An example of the nationwide teacher shortage was seen last week in the school system of Laurens (rhymes with The Wrens), Iowa. This prairie town of 1,400 in the northwest grain area of the Hawkeye state has a consolidated school with about 460 kindergarten-through-high school pupils. Although the teachers’ salary budget was boosted 10% for 1943 there have been months of lively candidate-hunting by School Superintendent W. C. Hilburn. These measures have not done much against wartime’s many wage lures:
> Of last year’s 18 teachers, eleven did not come back. One grade-school teacher stayed, eight quit. Six high-school teachers stayed, three quit. The median teaching experience of the ten replacements is one and a quarter years (three and three quarters fewer than that of those who quit); the median age is 22 years.
What happened in the grade school:
> Kindergartner Isabelle Rohrer, 26, became an airplane stewardess, was replaced by Marjorie Zickafoose, 19 (no experience).
> First-Grader Jeanne Ketchen, 23, went to teach at Spencer, which is nearer her home, was replaced by Mrs. Lulu Heiny, 51, widow of a dentist (some years’ experience).

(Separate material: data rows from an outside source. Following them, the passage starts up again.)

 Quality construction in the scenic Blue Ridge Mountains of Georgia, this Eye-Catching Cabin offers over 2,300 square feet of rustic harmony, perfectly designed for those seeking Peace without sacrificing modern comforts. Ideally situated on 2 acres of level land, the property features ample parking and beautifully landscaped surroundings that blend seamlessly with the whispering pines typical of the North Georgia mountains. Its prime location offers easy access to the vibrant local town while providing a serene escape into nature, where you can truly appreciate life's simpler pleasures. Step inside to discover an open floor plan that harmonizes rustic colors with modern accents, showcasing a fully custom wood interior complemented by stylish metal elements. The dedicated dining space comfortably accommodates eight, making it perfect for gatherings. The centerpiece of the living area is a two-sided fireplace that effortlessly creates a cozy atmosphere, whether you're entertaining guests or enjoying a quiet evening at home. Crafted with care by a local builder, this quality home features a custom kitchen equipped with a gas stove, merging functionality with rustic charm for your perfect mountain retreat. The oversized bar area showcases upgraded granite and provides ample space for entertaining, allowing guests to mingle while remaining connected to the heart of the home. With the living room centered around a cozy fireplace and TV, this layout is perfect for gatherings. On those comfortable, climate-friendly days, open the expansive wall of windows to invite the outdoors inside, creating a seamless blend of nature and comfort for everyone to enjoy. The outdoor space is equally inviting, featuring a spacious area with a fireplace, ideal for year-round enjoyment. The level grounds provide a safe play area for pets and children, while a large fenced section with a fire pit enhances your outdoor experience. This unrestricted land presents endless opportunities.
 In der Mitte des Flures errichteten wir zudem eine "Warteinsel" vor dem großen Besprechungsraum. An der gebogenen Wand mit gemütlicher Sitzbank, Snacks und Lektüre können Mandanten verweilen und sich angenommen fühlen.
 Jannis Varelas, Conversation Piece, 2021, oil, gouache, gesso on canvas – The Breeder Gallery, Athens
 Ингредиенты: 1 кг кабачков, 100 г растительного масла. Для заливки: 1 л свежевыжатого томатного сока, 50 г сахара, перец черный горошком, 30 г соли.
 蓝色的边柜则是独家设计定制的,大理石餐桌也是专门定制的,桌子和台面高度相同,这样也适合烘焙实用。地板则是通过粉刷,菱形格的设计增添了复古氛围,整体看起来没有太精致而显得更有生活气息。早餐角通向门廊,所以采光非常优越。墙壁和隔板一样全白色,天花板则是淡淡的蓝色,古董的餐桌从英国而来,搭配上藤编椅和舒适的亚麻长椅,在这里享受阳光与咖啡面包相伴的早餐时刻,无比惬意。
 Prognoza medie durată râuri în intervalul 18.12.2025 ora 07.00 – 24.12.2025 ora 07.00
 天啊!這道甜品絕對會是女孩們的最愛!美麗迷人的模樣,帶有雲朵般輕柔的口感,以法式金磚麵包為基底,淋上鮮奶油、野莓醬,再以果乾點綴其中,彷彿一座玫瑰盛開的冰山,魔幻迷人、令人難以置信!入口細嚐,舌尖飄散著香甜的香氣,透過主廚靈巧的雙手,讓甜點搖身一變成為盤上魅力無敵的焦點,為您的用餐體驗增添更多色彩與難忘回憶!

> Second-Grader Ellen Brechner, 25, went to teach at Osage, which is nearer her home, was replaced by Kathlyn Burkholder, 20 (no experience).
> Third-Grader Mary Mather, 26, a local girl, stuck to her job.
>Fourth-Grader Cora Pollock, about 34, became a nurse’s assistant, was replaced by Lois Field, 23 (half a year’s experience).
> Fifth-Grader Marjorie Frederick, 24, married a sailor, followed him to Florida was replaced by Anna Belle Johnson, 22 (three years’ experience).
> Sixth-Grader Marie Hibma, 28, went to Wheaton College to study music, was replaced by Yvonne Peterick, 23 (two years’ experience).
> Seventh-Grader Marian Anderson, 21, went to Washington on an FBI job, was replaced by Edith Benson, 22 (two years’ experience).
> Eighth-Grader Bessie Buchanan, 27, became a timekeeper in a California airplane factory, was replaced by Grace Phillips, 22 (three years’ experience).
Laurens has no mathematics teacher.*
* Last week a Senate coalition of Republicans and northern Democrats, led by Ohio’s Robert A. Taft, defeated the perennially ill-starred bill which would have provided $300,000,000 in Federal funds to help states hold public-school staffs together. The coalition did this by hooking an amendment to the bill: Southern Democrats were forced to choose between 1) putting Negro education on a par with white in order to get Federal aid, and 2) doing without Federal aid The Southerners decided to do without.